Less than a week into his presidency, he's holding daily news conferences to report on the status of his agenda, making updates that some Mexicans find hopeful and others worrying. His daily briefings mark a radical change from the previous, more tight-lipped Administration.
Since he took office on Sunday, some of his most unusual ideas have already been enacted. The former presidential mansion is now open to the public (and the new Alfonso Cuaron film will soon be projected on its walls). The presidential plane has been taken to California, where the Mexican Government will try to sell it in a show of austerity. Lopez Obrador is getting around in an old Volkswagen, rather than a glitzy motorcade.
Now, beyond the symbolic gestures, Lopez Obrador is preparing to tackle some of Mexico's biggest policy challenges. Next week, he said, he will announce a proposal to undo predecessor Enrique Pena Nieto's education overhaul, though he has released few details, aside from claiming that it was developed "with the consensus of teachers". In the coming days, Lopez Obrador said, he will speak to United States President Donald Trump about migration.
On Tuesday, Lopez Obrador ordered a "truth commission" to investigate the disappearance of 43 students in Ayotzinapa in 2014. Security forces have been implicated in the incident, and Lopez Obrador's effort to shed light on what happened has given hope to some of the parents of the disappeared, even as it has raised questions about what a new investigation might yield.
On Wednesday, he struggled to convince investors that despite his recent attacks on neoliberalism - and particularly on Mexico's newly liberalised energy industry - he won't stand in the way of a free market.

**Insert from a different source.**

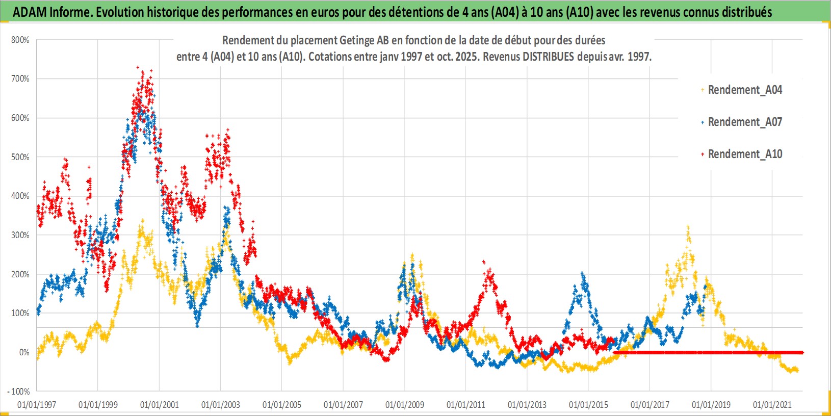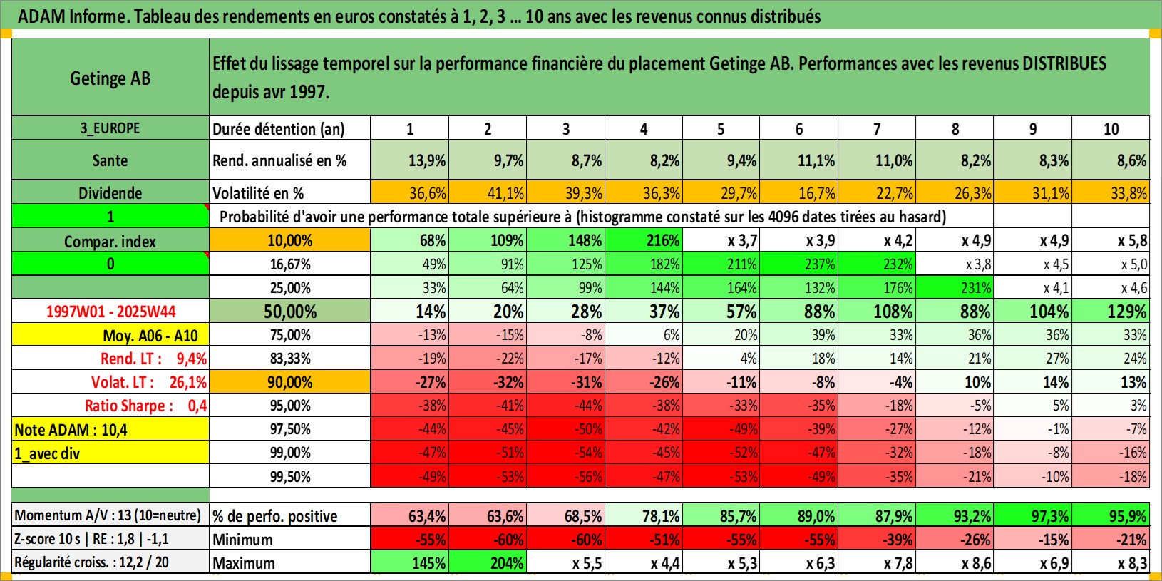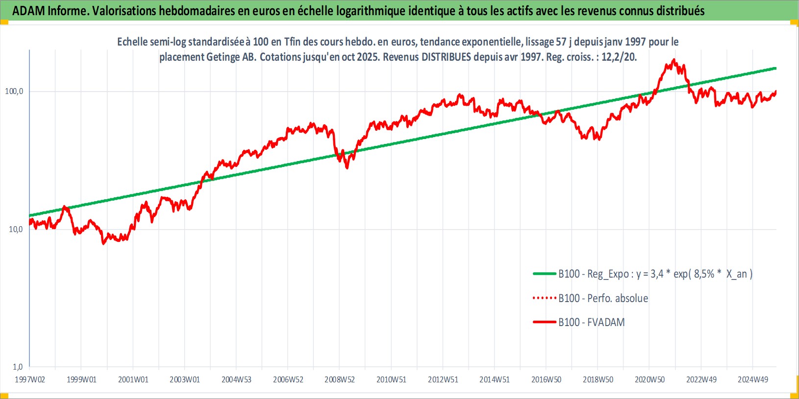 Site dédié aux investisseursPage dédiée sur site financeAnalyse des valorisations hebdomadaires de l'action Getinge AB. Cet actif est cote en SEK. Les valorisations sont en contrevaleur EURO et couvrent les semaines 1997W01 a 2025W44. Les revenus de cet actif financier sont pris en compte depuis la semaine 1997W18. La note ESG de cet actif n'est pas connue.

He pointed out on Tuesday, at his first news conference as President, that the markets had gone up during the first day of his term.
"You cannot regulate the market by decree," he said. "I am in favour of a free market."

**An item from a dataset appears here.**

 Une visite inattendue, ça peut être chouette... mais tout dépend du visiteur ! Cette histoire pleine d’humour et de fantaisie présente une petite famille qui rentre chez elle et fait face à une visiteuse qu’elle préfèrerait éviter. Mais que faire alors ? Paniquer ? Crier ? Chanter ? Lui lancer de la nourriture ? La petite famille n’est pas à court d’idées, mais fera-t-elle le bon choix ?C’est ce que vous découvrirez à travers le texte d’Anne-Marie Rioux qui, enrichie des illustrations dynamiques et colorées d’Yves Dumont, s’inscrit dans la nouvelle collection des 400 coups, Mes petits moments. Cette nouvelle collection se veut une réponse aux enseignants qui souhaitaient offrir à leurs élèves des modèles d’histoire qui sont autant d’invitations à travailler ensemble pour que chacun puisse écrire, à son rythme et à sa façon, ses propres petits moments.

Also on Wednesday, Lopez Obrador returned to his stated policy of capping the salaries of public officials, saying at a news conference, "It is dishonest when an official receives up to 600 thousand pesos a month [$42,400]. That is corruption."

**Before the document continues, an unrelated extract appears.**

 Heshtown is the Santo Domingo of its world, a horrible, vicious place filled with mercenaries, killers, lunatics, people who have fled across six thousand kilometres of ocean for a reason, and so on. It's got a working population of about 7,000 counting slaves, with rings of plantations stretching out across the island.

Lopez Obrador seemed to recognise that some high-level officials are quietly seething at his proposal. Apparently addressing those who might be displeased, he said, "Then there is the private sector."
The newspaper El Universal reported on Wednesday that almost 3000 public employees have filed class-action lawsuits against the Government over a law mandating that no bureaucrat can earn more than the President. Because Lopez Obrador set his salary at 108 thousand pesos per month, less than half of his predecessor's salary, the pay of other public servants also has plummeted. According to El Universal, the penalty for government employees caught receiving a higher salary than the President is 14 years in prison.
On Tuesday, Lopez Obrador's nominee for foreign minister, Marcelo Ebrard, met with US Homeland Security Secretary Kirstjen Nielsen in Washington. They had been expected to discuss a plan that would force asylum seekers to remain in Mexico while their claims are processed in the US. But Ebrard called the meeting a "courtesy visit", and no deal was announced or alluded to.
On Thursday, at his daily news conference, Lopez Obrador said he would push for new oil drilling sites in the southern state of Campeche. "We need to extract oil. Production is falling. In a few days, we will start drilling new oil wells," he said.
But at the same news conference, he also put private companies that had received recent oil contracts on notice, saying he would be watching their performance closely before deciding whether to continue the contracts, injecting uncertainty into his energy policy, which has already unnerved many in the industry.
"From their results, we will make the decision. Our commitment is to give a period of three years for results," Lopez Obrador said.